▶ REQUIREMENT
Restate the listing below line for line and word for word, without the pictures.

▶ COLLECTED MATERIAL
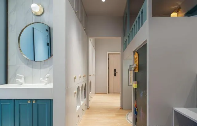 一进门就是多功能区域,玄关、瑜伽区、女儿舞蹈练习场、小书屋全融合。收纳柜做成了墙体,甚至衣柜门还是镜面,既是练舞镜又能拓展视觉空间。
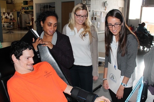 “What happens when a mailman gets old? He loses his zip.” That’s one of several riddles programmed onto Chet Cheesman’s communications device, which he demonstrated to three nursing students from Seton Hall University, who were visiting Matheny’s Adult Learning Center in Hillsborough, NJ. It’s part of the community nursing program at SHU that requires Bachelor of Science in Nursing candidates to spend time in a variety of community nursing settings.
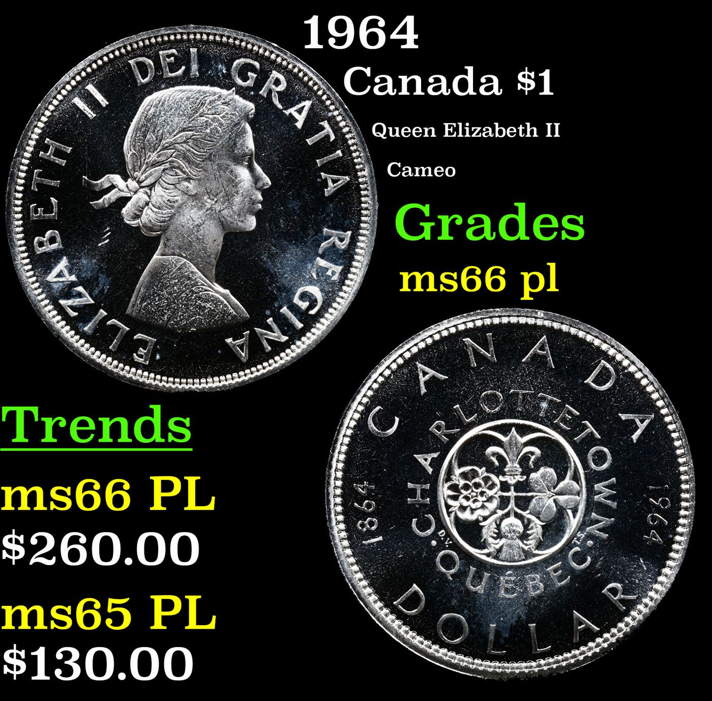 1964 Grades GEM+ UNC PL. Elizabeth was born in Mayfair, London, as the first child of the Duke and Duchess of York (later King George VI and Queen Elizabeth). Her father acceded to the throne in 1936 upon the abdication of his brother, King Edward VIII, making Elizabeth the heir presumptive. She was educated privately at home and began to undertake public duties during the Second World War, serving in the Auxiliary Territorial Service. In November 1947, she married Philip Mountbatten, a former prince of Greece and Denmark, and their marriage lasted 73 years until Philip's death in 2021. They had four children: Charles, Prince of Wales; Anne, Princess Royal; Prince Andrew, Duke of York; and Prince Edward, Earl of Wessex.When her father died in February 1952, Elizabeth—then 25 years old—became queen regnant of seven independent Commonwealth countries: the United Kingdom, Canada, Australia, New Zealand, South Africa, Pakistan, and Ceylon, as well as Head of the Commonwealth. Elizabeth has reigned as a constitutional monarch through major political changes such as the Troubles in Northern Ireland, devolution in the United Kingdom, the decolonisation of Africa, and the United Kingdom's accession to the European Communities and withdrawal from the European Union. The number of her realms has varied over time as territories have gained independence, and as some realms have become republics. Her many historic visits and meetings include state visits to the People's Republic of China in 1986, the Russian Federation in 1994, the Republic of Ireland in 2011, and visits to or from five popes.Significant events have included Elizabeth's coronation in 1953 and the celebrations of her Silver, Golden, Diamond and Platinum jubilees in 1977, 2002, 2012, and 2022, respectively. Elizabeth is the longest-lived and longest-reigning British monarch, the oldest and longest-serving incumbent head of state, and the second-longest reigning sovereign monarch in world history. She has faced occasional republican sentiment and press criticism of the royal family, particularly after the breakdown of her children's marriages, her annus horribilis in 1992, and the death in 1997 of her former daughter-in-law Diana, Princess of Wales. However, support for the monarchy in the United Kingdom has been and remains high, as does her personal popularity. Elizabeth died aged 96 at Balmoral Castle, Aberdeenshire, and was succeeded by her eldest son, Charles III.

▶ FINISHED EXERCISE
 一进门就是多功能区域,玄关、瑜伽区、女儿舞蹈练习场、小书屋全融合。收纳柜做成了墙体,甚至衣柜门还是镜面,既是练舞镜又能拓展视觉空间。
 “What happens when a mailman gets old? He loses his zip.” That’s one of several riddles programmed onto Chet Cheesman’s communications device, which he demonstrated to three nursing students from Seton Hall University, who were visiting Matheny’s Adult Learning Center in Hillsborough, NJ. It’s part of the community nursing program at SHU that requires Bachelor of Science in Nursing candidates to spend time in a variety of community nursing settings.
 1964 Grades GEM+ UNC PL. Elizabeth was born in Mayfair, London, as the first child of the Duke and Duchess of York (later King George VI and Queen Elizabeth). Her father acceded to the throne in 1936 upon the abdication of his brother, King Edward VIII, making Elizabeth the heir presumptive. She was educated privately at home and began to undertake public duties during the Second World War, serving in the Auxiliary Territorial Service. In November 1947, she married Philip Mountbatten, a former prince of Greece and Denmark, and their marriage lasted 73 years until Philip's death in 2021. They had four children: Charles, Prince of Wales; Anne, Princess Royal; Prince Andrew, Duke of York; and Prince Edward, Earl of Wessex.When her father died in February 1952, Elizabeth—then 25 years old—became queen regnant of seven independent Commonwealth countries: the United Kingdom, Canada, Australia, New Zealand, South Africa, Pakistan, and Ceylon, as well as Head of the Commonwealth. Elizabeth has reigned as a constitutional monarch through major political changes such as the Troubles in Northern Ireland, devolution in the United Kingdom, the decolonisation of Africa, and the United Kingdom's accession to the European Communities and withdrawal from the European Union. The number of her realms has varied over time as territories have gained independence, and as some realms have become republics. Her many historic visits and meetings include state visits to the People's Republic of China in 1986, the Russian Federation in 1994, the Republic of Ireland in 2011, and visits to or from five popes.Significant events have included Elizabeth's coronation in 1953 and the celebrations of her Silver, Golden, Diamond and Platinum jubilees in 1977, 2002, 2012, and 2022, respectively. Elizabeth is the longest-lived and longest-reigning British monarch, the oldest and longest-serving incumbent head of state, and the second-longest reigning sovereign monarch in world history. She has faced occasional republican sentiment and press criticism of the royal family, particularly after the breakdown of her children's marriages, her annus horribilis in 1992, and the death in 1997 of her former daughter-in-law Diana, Princess of Wales. However, support for the monarchy in the United Kingdom has been and remains high, as does her personal popularity. Elizabeth died aged 96 at Balmoral Castle, Aberdeenshire, and was succeeded by her eldest son, Charles III.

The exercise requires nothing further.